= About this task =
All entries are to be copied verbatim, while the pictures stay out.

= Excerpted data =
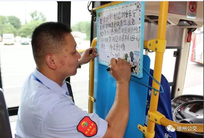 原來(lái)他已養(yǎng)成了習(xí)慣,在他的駕駛室后方掛著一塊白板,寫著乘車的溫馨提示語(yǔ)和天氣情況。每天他都會(huì)記錄下當(dāng)天的天氣情況:“為了您的乘車安全,請(qǐng)不要隨意更換座位。感謝您的支持!2018年7月12日星期四,多云到晴,27~34攝氏度”,“特別是老年人、孩子,開車時(shí)換位子太危險(xiǎn)了?!毖λ山忉尩?。
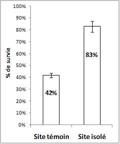 Le suivi a montré un différentiel important de survie en faveur du site isolé (Graph. 1). Aucune trace de virus n’a été retrouvée sur les huîtres isolées alors que sur parcs, le pic de mortalité observé coïncidait avec une présence avérée du virus OsHv-1, attestant de la contamination du lot au cours de la période à risque sur ce secteur.
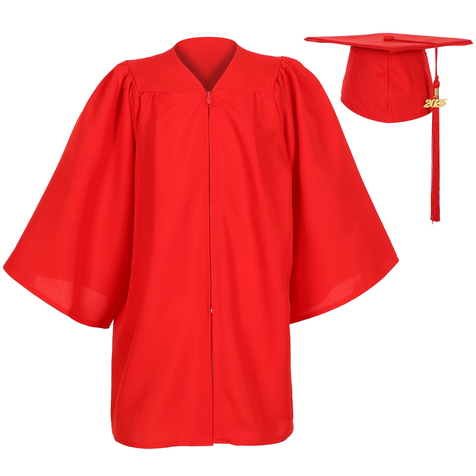 Matte Kindergarten Preschool Graduation Gown and Cap Set with Year Tassel Red
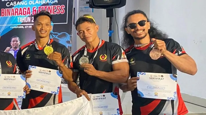 Terkini, Makassar – Sebanyak tiga atlet binaraga dari Story Gym Makassar yang ikut dalam Kontingen Persatuan Binaraga Fitnes Indonesia (PBFI) Kota Makassar sukses meraih prestasi gemilang di ajang Pra Kualifikasi Pekan Olahraga Provinsi (Porprov) Sulawesi Selatan ke-XVIII yang diikuti oleh 11 Kabupaten/Kota Se-Sulsel dan digelar di Kota Parepare pada Jumat hingga Minggu, 17-19 Oktober 2025.
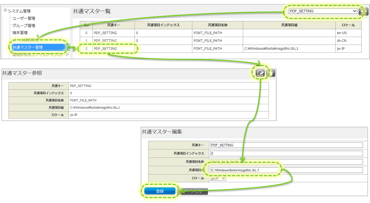 設定は、ConMas Managerの「システム管理」 > 「共通マスター管理」にて行います。
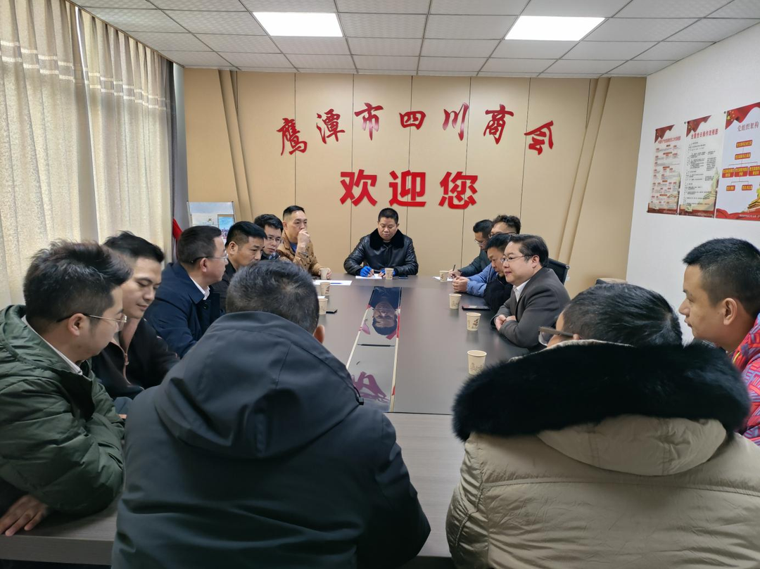 2024年1月23日下午15:00在鹰潭市四川商会会议室,中共宜宾市在闽流动党委综合管理委员、宜宾市驻福建省农民工服务中心组织厦门市宜宾商会、鹰潭市四川商会、赣州市四川商会、温州市四川商会就如何关心服务川籍宜籍务工人员、流动党员,返乡创业,为会员企业搭建服务平台,提高会员企业发展动力进行交流工作会。

= Task response =
 原來(lái)他已養(yǎng)成了習(xí)慣,在他的駕駛室后方掛著一塊白板,寫著乘車的溫馨提示語(yǔ)和天氣情況。每天他都會(huì)記錄下當(dāng)天的天氣情況:“為了您的乘車安全,請(qǐng)不要隨意更換座位。感謝您的支持!2018年7月12日星期四,多云到晴,27~34攝氏度”,“特別是老年人、孩子,開車時(shí)換位子太危險(xiǎn)了?!毖λ山忉尩?。
 Le suivi a montré un différentiel important de survie en faveur du site isolé (Graph. 1). Aucune trace de virus n’a été retrouvée sur les huîtres isolées alors que sur parcs, le pic de mortalité observé coïncidait avec une présence avérée du virus OsHv-1, attestant de la contamination du lot au cours de la période à risque sur ce secteur.
 Matte Kindergarten Preschool Graduation Gown and Cap Set with Year Tassel Red
 Terkini, Makassar – Sebanyak tiga atlet binaraga dari Story Gym Makassar yang ikut dalam Kontingen Persatuan Binaraga Fitnes Indonesia (PBFI) Kota Makassar sukses meraih prestasi gemilang di ajang Pra Kualifikasi Pekan Olahraga Provinsi (Porprov) Sulawesi Selatan ke-XVIII yang diikuti oleh 11 Kabupaten/Kota Se-Sulsel dan digelar di Kota Parepare pada Jumat hingga Minggu, 17-19 Oktober 2025.
 設定は、ConMas Managerの「システム管理」 > 「共通マスター管理」にて行います。
 2024年1月23日下午15:00在鹰潭市四川商会会议室,中共宜宾市在闽流动党委综合管理委员、宜宾市驻福建省农民工服务中心组织厦门市宜宾商会、鹰潭市四川商会、赣州市四川商会、温州市四川商会就如何关心服务川籍宜籍务工人员、流动党员,返乡创业,为会员企业搭建服务平台,提高会员企业发展动力进行交流工作会。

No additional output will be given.